══ Input data ══
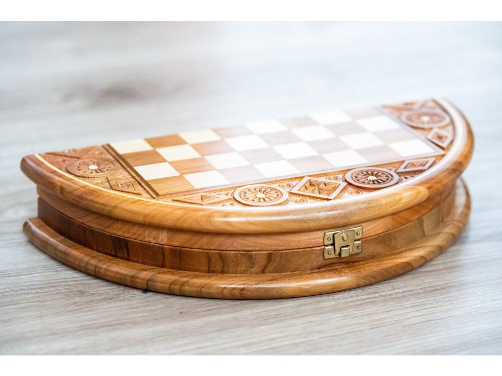 | Typ des Schachbretts: | klappbares, mit dem Speicherplatz für Figuren |
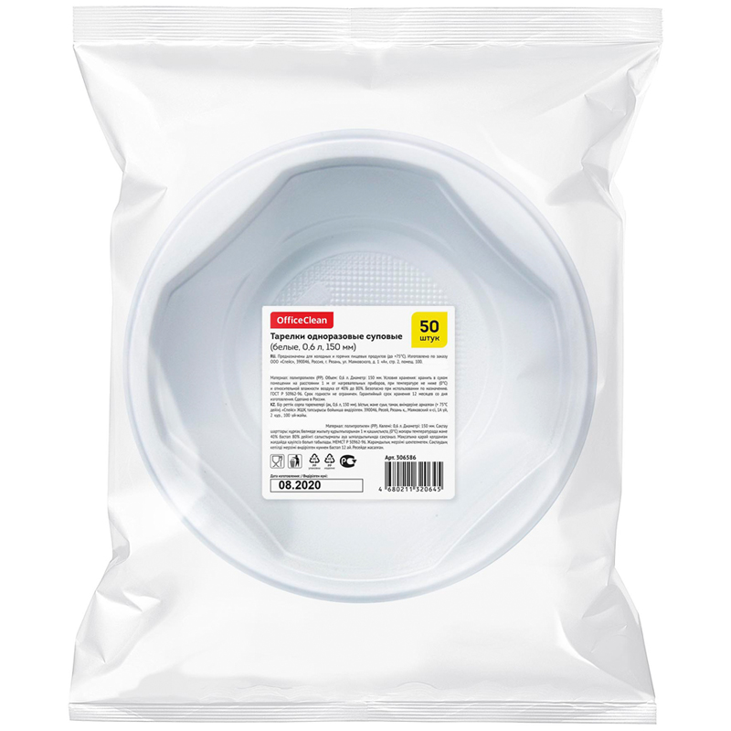 Тарелки одноразовые суповые OfficeClean изготовлены из белого полипропилена, имеют специальные ушки для удобной переноски. Одна тарелка вмещает 600 мл жидкости, при этом сама практически невесомая. Верхний диаметр - 150 мм. Нижний диаметр - 88 мм. Высота - 75 мм. Одноразовые суповые тарелки широко используются в офисных столовых, образовательных и производственных учреждениях, предприятиях общественного питания, также их удобно взять на выездные мероприятия, пикники, походы и т.д.
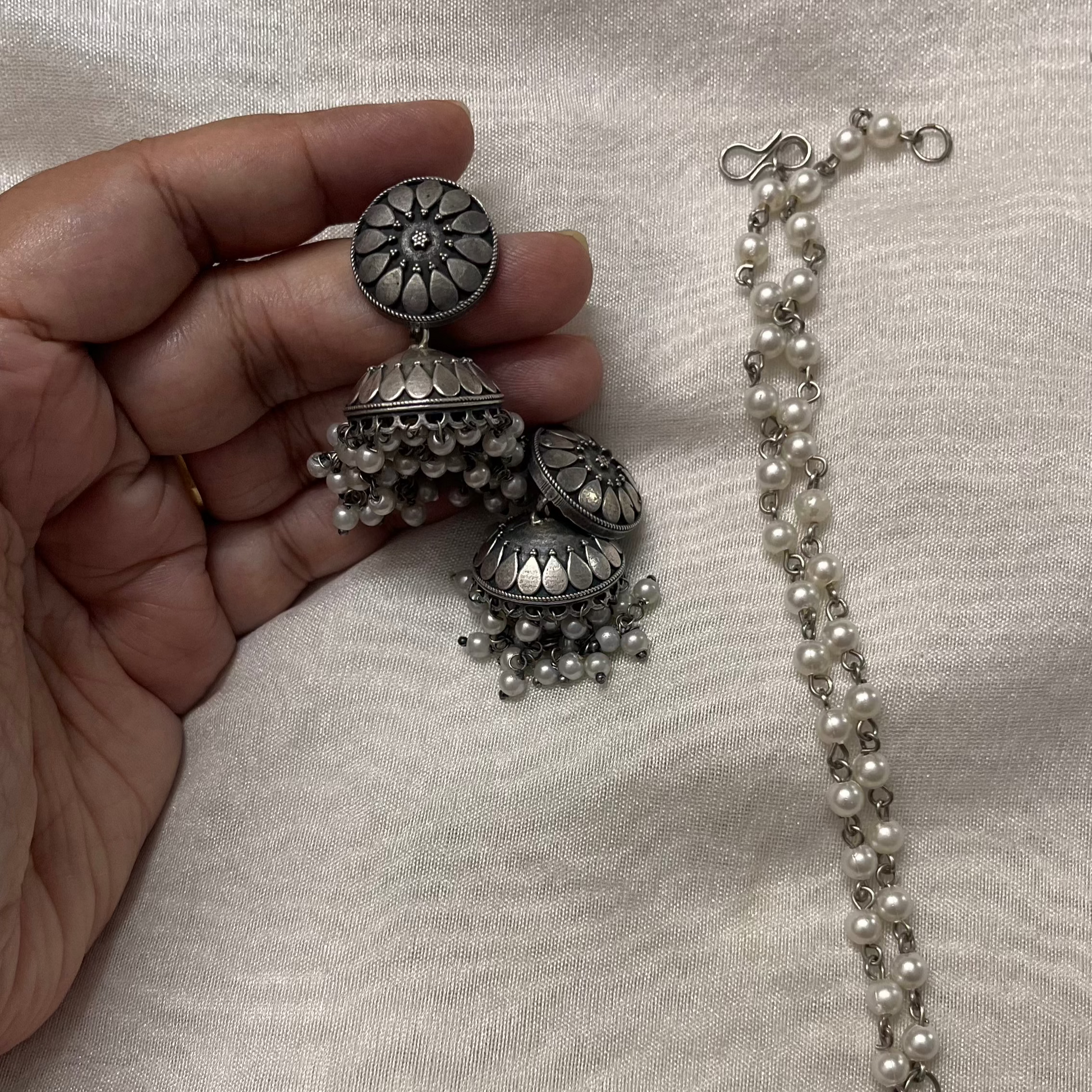 The Vedika double layer pearl jhumka is the perfect accessory for everyday wear. With its elegant design and high-quality materials, it adds a touch of sophistication to any outfit. The double layer feature provides a unique and eye-catching look, while the pearls add a classic touch of femininity. Stay stylish and on-trend with this versatile piece.
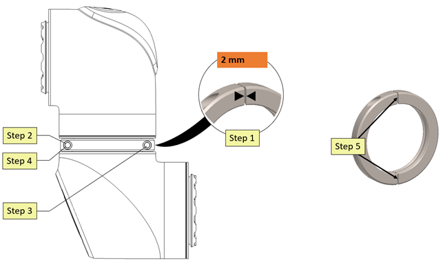 You can now reassemble the clamp connection with the new joint in reverse of the disassembly. However, be aware of the following before you start reassembling the clamp connection. Failure to replace the black flat ring can lower the IP classification and cause damage to property and/or equipment.
═══
▶ _What is needed_:
Print the material word for word; images are to be left out.

▶ _Output below_:
 | Typ des Schachbretts: | klappbares, mit dem Speicherplatz für Figuren |
 Тарелки одноразовые суповые OfficeClean изготовлены из белого полипропилена, имеют специальные ушки для удобной переноски. Одна тарелка вмещает 600 мл жидкости, при этом сама практически невесомая. Верхний диаметр - 150 мм. Нижний диаметр - 88 мм. Высота - 75 мм. Одноразовые суповые тарелки широко используются в офисных столовых, образовательных и производственных учреждениях, предприятиях общественного питания, также их удобно взять на выездные мероприятия, пикники, походы и т.д.
 The Vedika double layer pearl jhumka is the perfect accessory for everyday wear. With its elegant design and high-quality materials, it adds a touch of sophistication to any outfit. The double layer feature provides a unique and eye-catching look, while the pearls add a classic touch of femininity. Stay stylish and on-trend with this versatile piece.
 You can now reassemble the clamp connection with the new joint in reverse of the disassembly. However, be aware of the following before you start reassembling the clamp connection. Failure to replace the black flat ring can lower the IP classification and cause damage to property and/or equipment.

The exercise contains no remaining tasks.